The importance of this national victory being accomplished by frontline organizers cannot be understated. Frontline leaders joined forces together to lobby and call their representatives, tell their stories, and rally in Washington, D.C. and elsewhere, with the support of “Big Green” environmentalists. This was made possible by years of relationship building amongst frontline organizations and, notably, efforts to repair the relationships between grassroots organizations and Big Greens. On the latter, there is still a lot to be done, but this was a significant step where big organizations followed the lead of the grassroots and uplifted their voices, even after grassroots voices were left out of conversations about the Inflation Reduction Act that many of these Big Greens trumpeted as a win.

Manchin’s bill threatened to fast-track the pipeline I spent my days fighting to stop. Prior to my time fighting the Mountain Valley Pipeline (MVP), I was a national climate organizer with 350.org and before that I was a global climate advocate with the World Resources Institute.
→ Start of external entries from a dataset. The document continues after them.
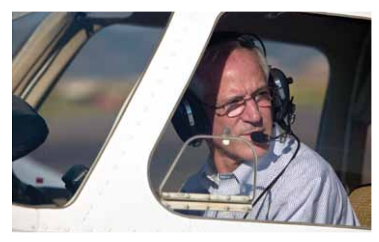
During taxi, keep your eyes where they belong—outside the cockpit.

Dangerous Distraction. The following account is taken from an actual report to the Aviation Safety Reporting System: "I had touched down, after making three calls on approach, only to have a Bonanza almost taxi onto the active runway to back-taxi for takeoff. He stopped with his propeller approximately three feet from the runway's west edge. He indicated he was 'messing with his GPS' and not watching. The truly sad situation is there is a parallel taxiway to take him to [Runway] 16 without having to back-taxi on the runway."
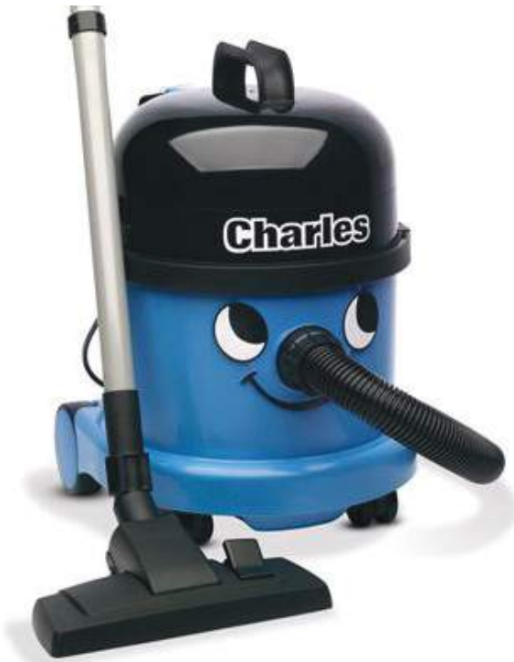
Charles wet & dry vacuum cleaner, 110V
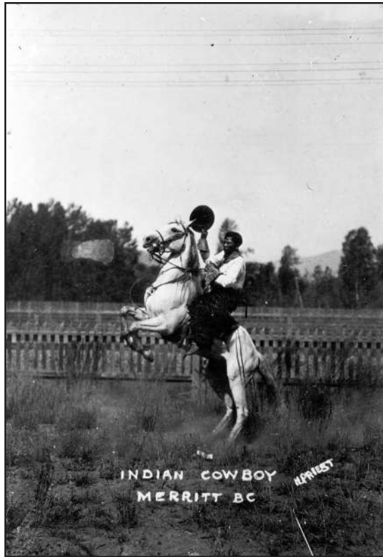
Figure 2: Indian Cowboy in the Nicola Valley (photo courtesy of the Nicola Valley Museum Archives Association, photo #PN80).

Alexander Ross (1965: 111), while travelling near Fort Okanagan in 1811, saw a group of natives and commented that “the party were all mounted on horseback to the number of seventy-three, and exhibited a fine display of horsemanship.”

I have seen many wins and losses in the climate movement and this one strikes me as particularly special.

Before the news broke that Manchin had side-swept his side deal, I tried not to think about what would happen if this bill passed because it threatened to overturn the core objective of my work: stopping the Mountain Valley Pipeline. But late one night after a long day of work, I sat down in my living room and let myself consider what was at stake. From my perspective in the MVP fight, what came to mind was the near-decade fight to stop this pipeline from steamrolling through Appalachia. I saw the faces of all the people I fight alongside who have been in this from the start and who have dedicated their life to stopping this pipeline. These people have set aside their lives as outdoor adventurers, farmers and coffee baristas to prevent this pipeline from destroying what they love most: their people and mountains. At that moment, the audacity of Sen. Joe Manchin to sacrifice his own constituents to fast-track an unnecessary pipeline during a climate crisis in order to get more money from a dying industry filled me with rage. Then despair — and I broke down into tears.

My partner, sitting next to me, was surprised. “You’re usually so realistic. You usually say, ‘I don’t know if we’ll win but the one thing I can do is try.’” And it’s true. As a queer person of color from the Global South, I’m used to seeing communities like mine put in losing positions, so I stay prepared for that. But I felt like I had been carrying an insurmountable weight for weeks that I hadn’t let myself acknowledge, and acknowledging it felt earth-shattering.

I joined the Mountain Valley Pipeline fight in part because the people in West Virginia, Virginia and North Carolina that this pipeline is targeting are continually sacrificed for political and financial gain and I have seen the same thing done to my communities over centuries. I have fostered life-long friendships in this moment and with the land that the pipeline threatens. The moment I burst into tears in my living room was also the moment I acknowledged how much this frontline fight meant to me.

The reason I am in the climate movement is to make sure that voices like mine from communities like mine are listened to. This fight against Manchin’s dirty deal felt like a moment where they finally were. In early September, I helped organize a rally in D.C. to stop this deal and that rally featured Appalachian, Indigenous, Black and working-class organizers on the front lines of environmental injustice fights. Seeing them on the stage with a crowd of 600 people and representing hundreds of thousands of people from across the country felt historic. It’s not often that people like me and the folks I work with get to see ourselves and our power represented in Washington, D.C., but those leaders traveled across the country to make sure we were heard, and many Congresspeople joined our opposition, helping us secure this win.

The climate movement is stronger coming out of this win and that is because we followed those on the front lines. In order to avoid the worst of the climate crisis and ensure a livable future, we must keep that up.